И когда Юрий рассказывал о своей Оле, Ершов слушал так же внимательно и напряженно. Другие тоже рассказывали о своих девчонках и даже чаще, чем Юрий. Но делали это с усмешечками, точно стыдясь. Они были похожи на людей, впервые очутившихся на сцене перед зрителями, пытающихся за развязностью скрыть свое смущение и думающих только о том, как они выглядят оттуда, из зрительного зала. Юрий же по сравнению с ними был как настоящий артист, который забывает обо всем, кроме своей роли, для которого в этот момент не существует ни сцены, ни зрителей — ничего, кроме своего чувства...

В такие минуты обычно собирался весь экипаж, все, кто дежурил на станции. Приходил дизелист, огромный белобрысый парень в поношенном синем комбинезоне, останавливался в дверях аппаратной, сложив перед собой большие, вечно вымазанные соляркой и машинным маслом руки, смотрел на Юрия с добродушным удивлением. Обязательно появлялся и новичок, Гена Сидельников. Слушая, он поблескивал глазами и хихикал, точно пятиклассник, при котором впервые заговорили о любви.
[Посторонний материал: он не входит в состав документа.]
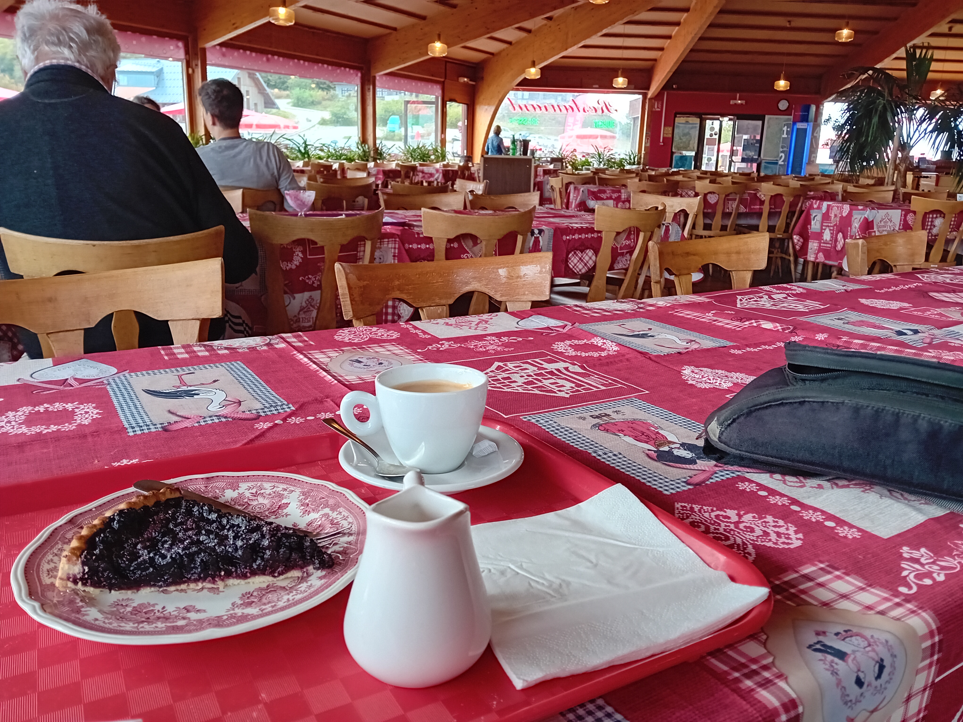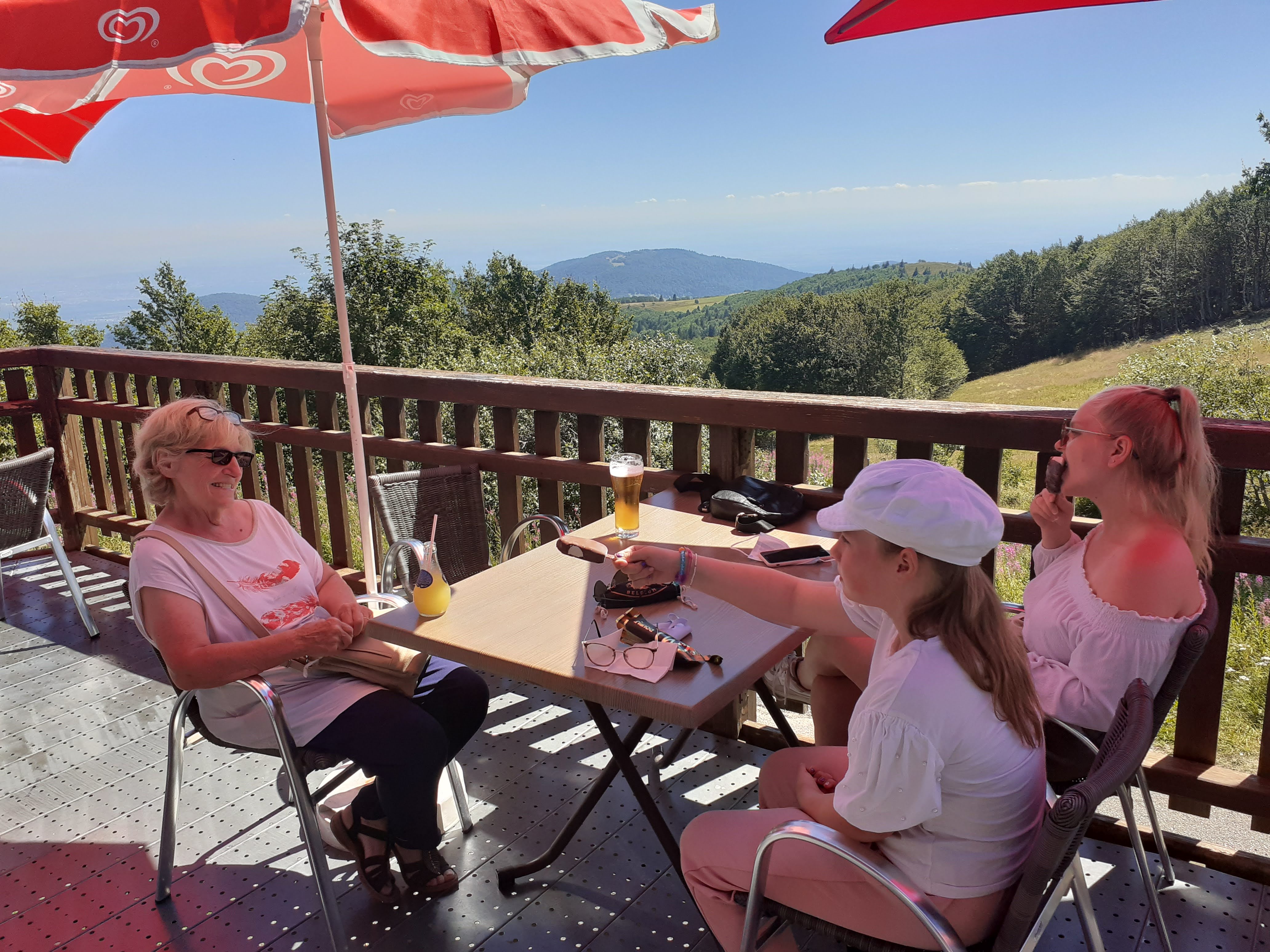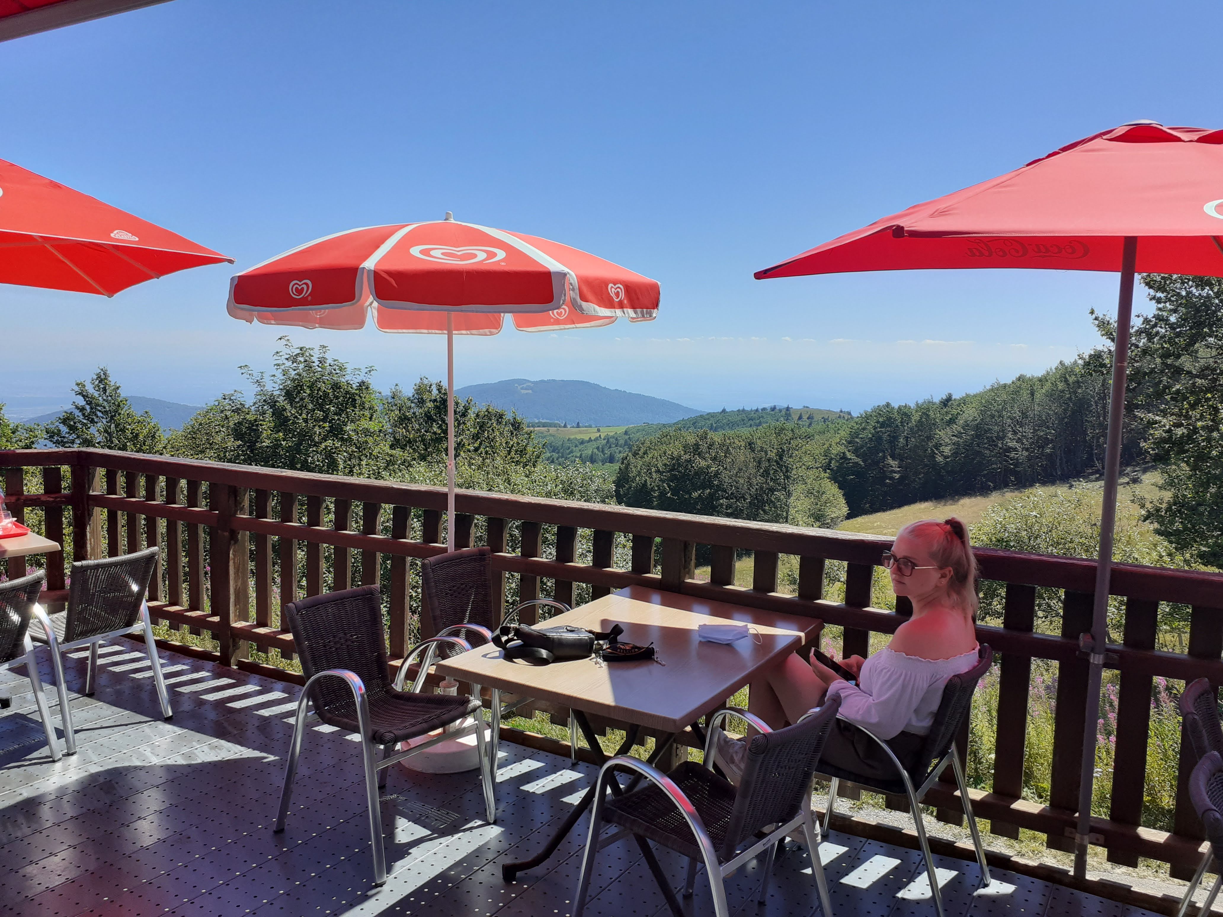 Lieu de repos après une belle randonnée autour du Grand ballon Bière et tarte aux myrtilles, au top! Pour la vue sur les Alpes, on repassera vu la nébulosité du jour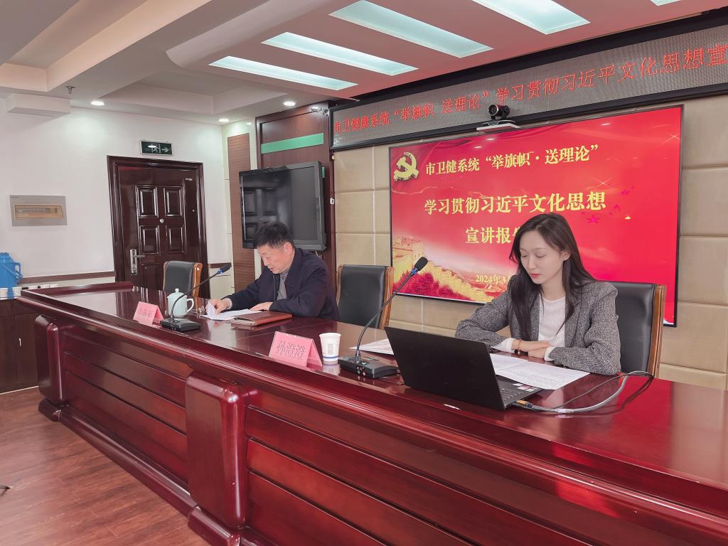 为深入学习贯彻习近平文化思想,奋力打造习近平文化思想生动实践地,加快建设繁荣兴盛的文化强市,3月21日下午,beat365中国官网孙澄澄作为淮北市委宣讲团成员,走进淮北市卫生健康系统开展“举旗帜·送理论”专题宣讲活动,作题为《深入学习贯彻习近平文化思想·加快建设繁荣兴盛的文化强市》的宣讲报告。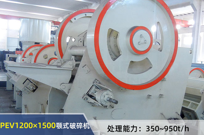PEV1200×1500顎式破碎機(jī)進(jìn)料粒度要求<1020mm,排料調(diào)整范圍180-340mm,時(shí)產(chǎn)能350-950噸之間,配備電機(jī)功率為160-200千瓦,重量為83噸。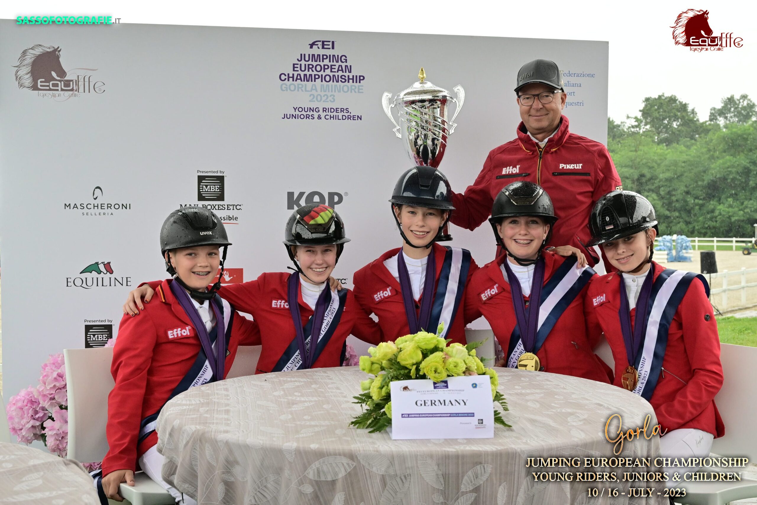 Dopo un emozionante barrage che ha visto sfidarsi Germania, Francia ed Inghilterra per l’assegnazione delle medaglie, a meritare la medaglia dal metallo più ambito è stata la Germania. La squadra vincitrice del Campionato Europeo a squadre Children è stata composta da: Brianne Beerbaum/Carlucci 20, Maximilian Fimpel/Cartagena, Luise Konle/Dressed For Success, Jolie Marie Kühner/Dialo e Colin Sorg/Casillas 11; ed ha terminato con 0 penalità nel tempo migliore di 119”.12. Lo Chef d’Equipe Eberhard Seemann ha commentato: “Sono naturalmente molto felice di questo primo posto, abbiamo replicato la vittoria di Oliva Nova dello scorso anno. Nonostante il caldo dei primi giorni non posso che essere contento per come i ragazzi abbiano gestito la pressione e la competizione in generale”.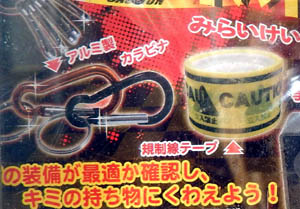 派手なグッズにひっそりと紛れ込んだ「アルミ製カラビナ」……。んなもんママに頼んでダイソーで買ってきてもらいなさい。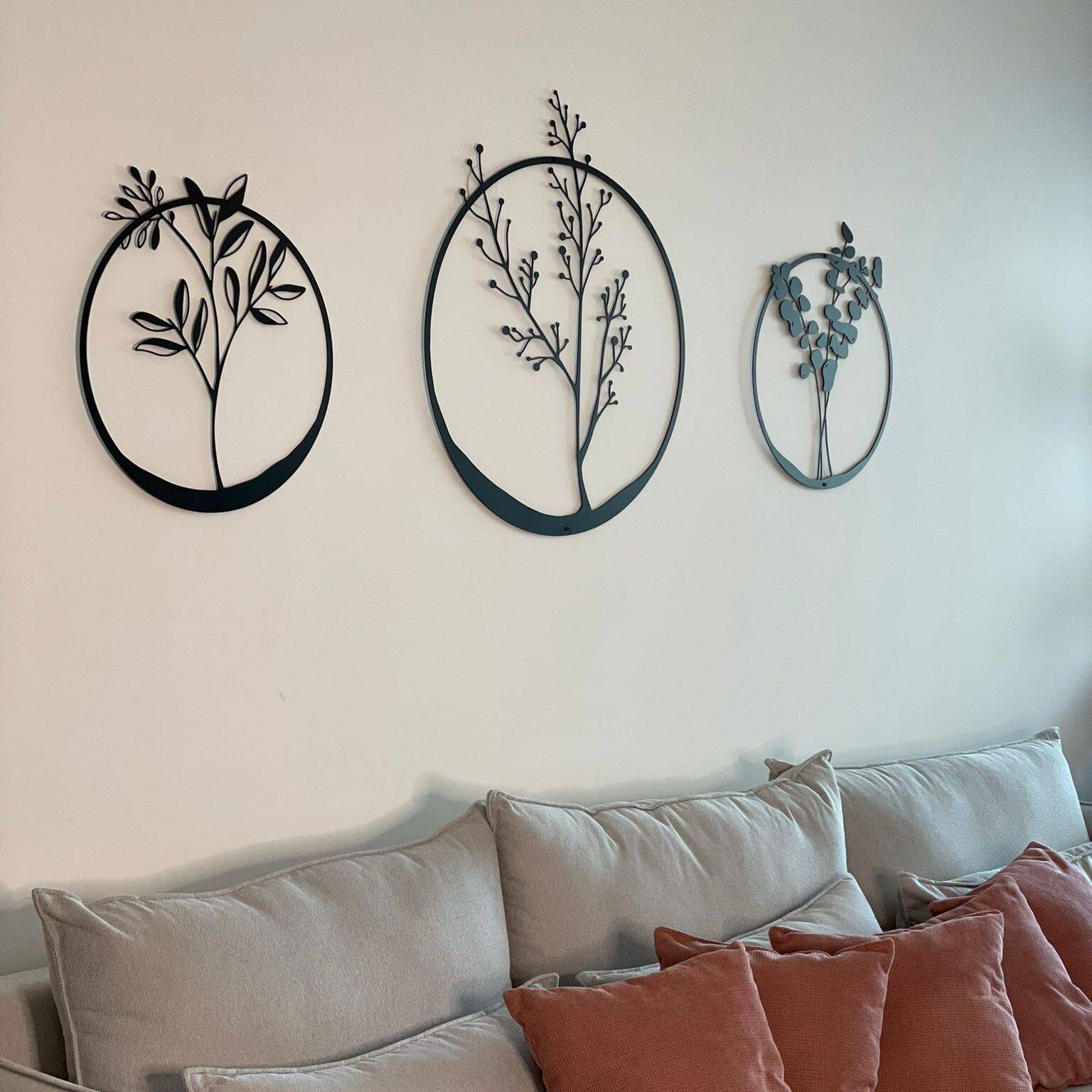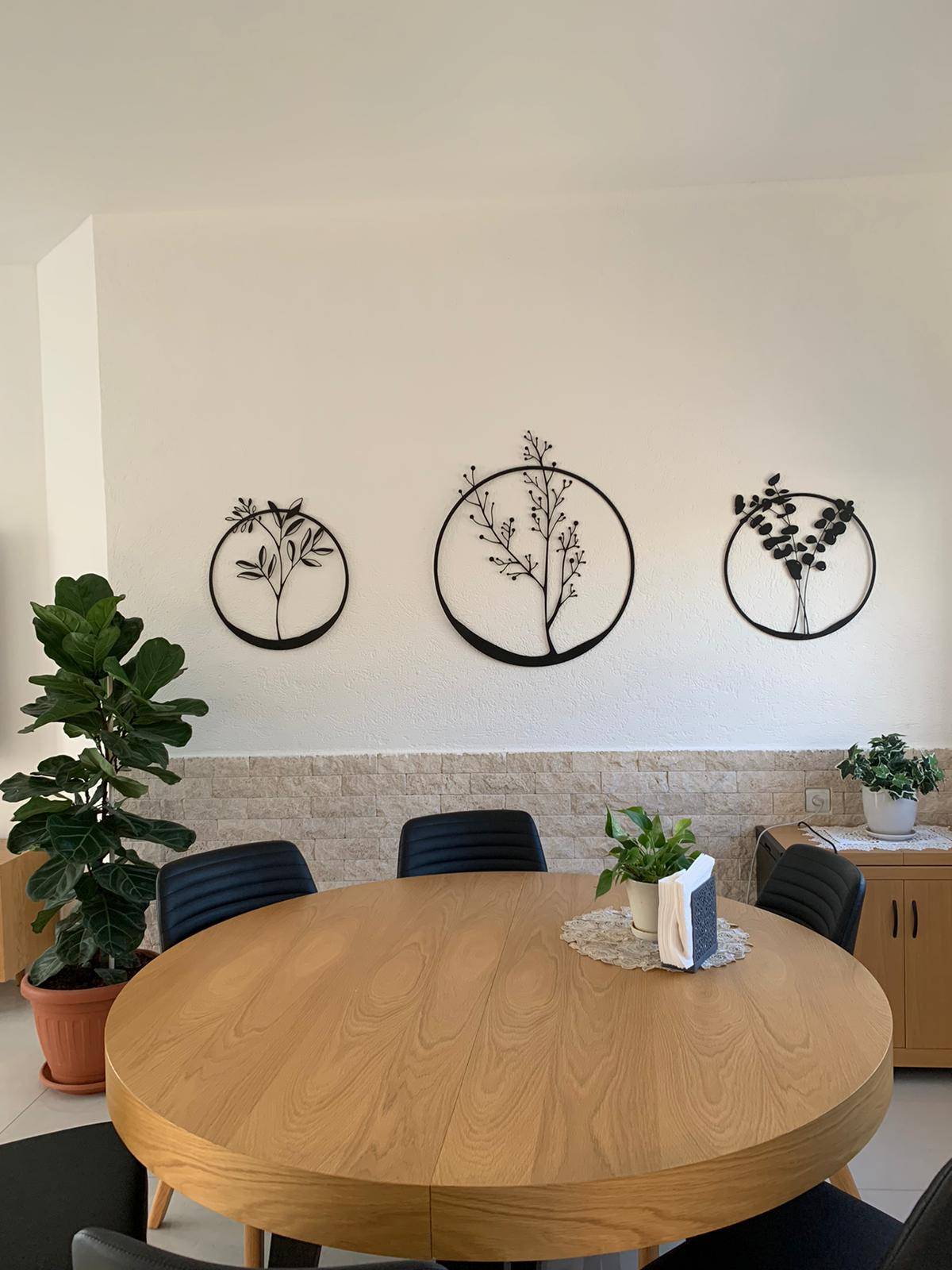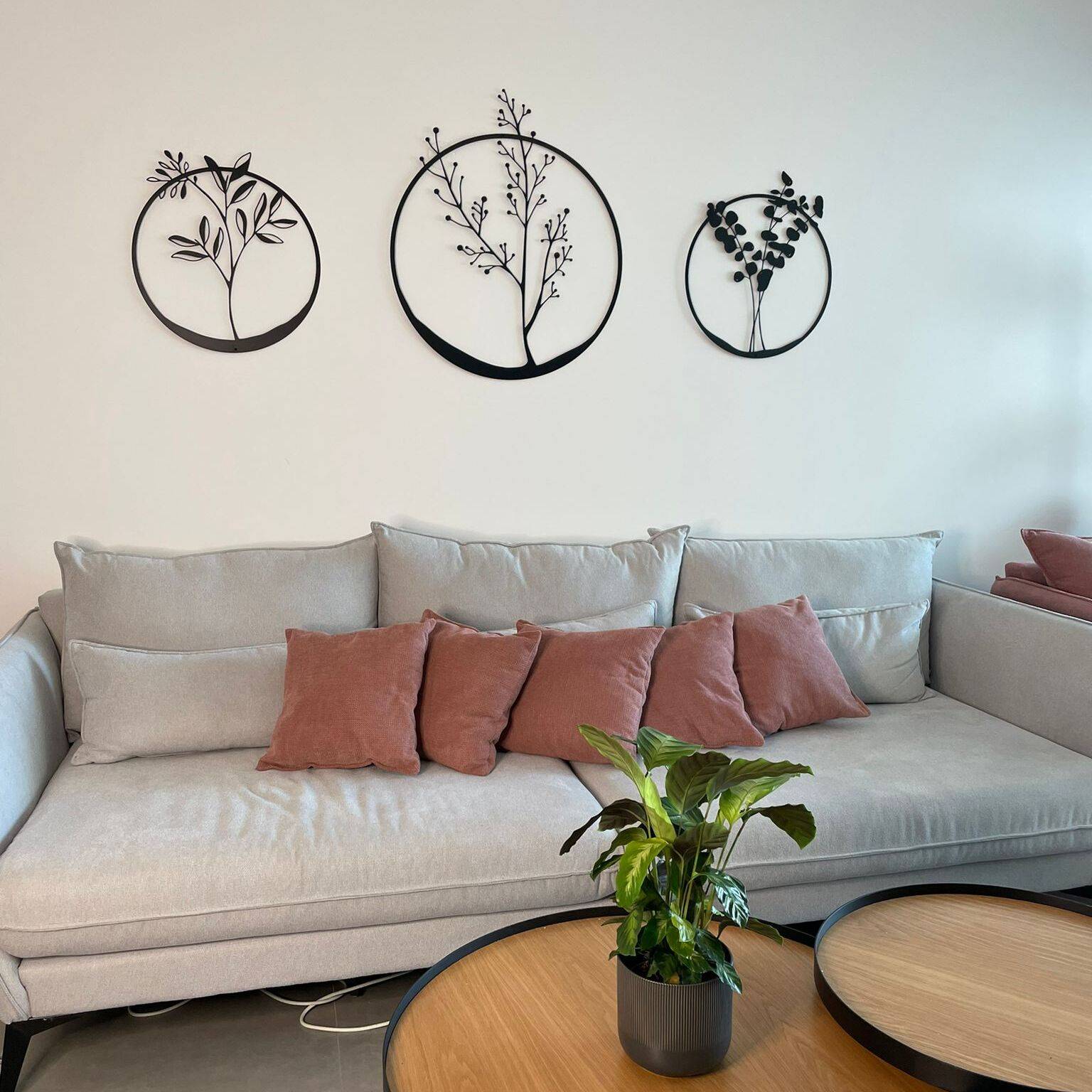 עיצוב רך ומדויק, המתאר את עלי האקליפטוס, פרחי הבר ועלי הזית מלבלבים וחוצים את גבולות המסגרת העגולה.

— Да разве ж она тебя дождется, — говорил он, — теперь, знаешь, какие девчонки...

— Почему? Почему ты так говоришь? — быстро оборачивался Юрий. — Я вот помню, еще мальчишкой был, у нас в квартире одна девушка жила, так она своего парня семь лет ждала. Он на флоте служил. И дождалась. Я пацаном был, а до сих пор помню, как она ждала его... До сих пор помню...

...Однажды — это было глубокой ночью — станцию только что выключили, и оба, Ершов и Юрий, сидели молча, отдыхая, каждый думая о своем. Неожиданно Юрий повернулся к Ершову и сказал:

— Рудька, если бы ты знал, как я люблю ее! Если б ты знал!..

Он сказал это тихо, почти шепотом, и смущенно, даже как-то виновато посмотрел на Ершова. Ершов ничего не ответил. Он вдруг почувствовал, как чужое волнение передается ему. Наверно, оттого, что сам он никогда еще не был даже влюблен, теперь чужое сильное чувство, чужая любовь захватывала и волновала так, словно вовсе не Юрий, а сам он любил эту далекую незнакомую девушку. Часто, думая о ней, он старался себе представить, какая она. Раньше его никогда не трогали песни о любви, ну песни как песни...

Но теперь, когда ротный гитарист Саня Башмаков брал гитару, лениво перебирал струны и пел: «Мне снилась девушка, такая милая...», — Ершов подсаживался поближе и просил спеть еще раз. Ему казалось, это о ней.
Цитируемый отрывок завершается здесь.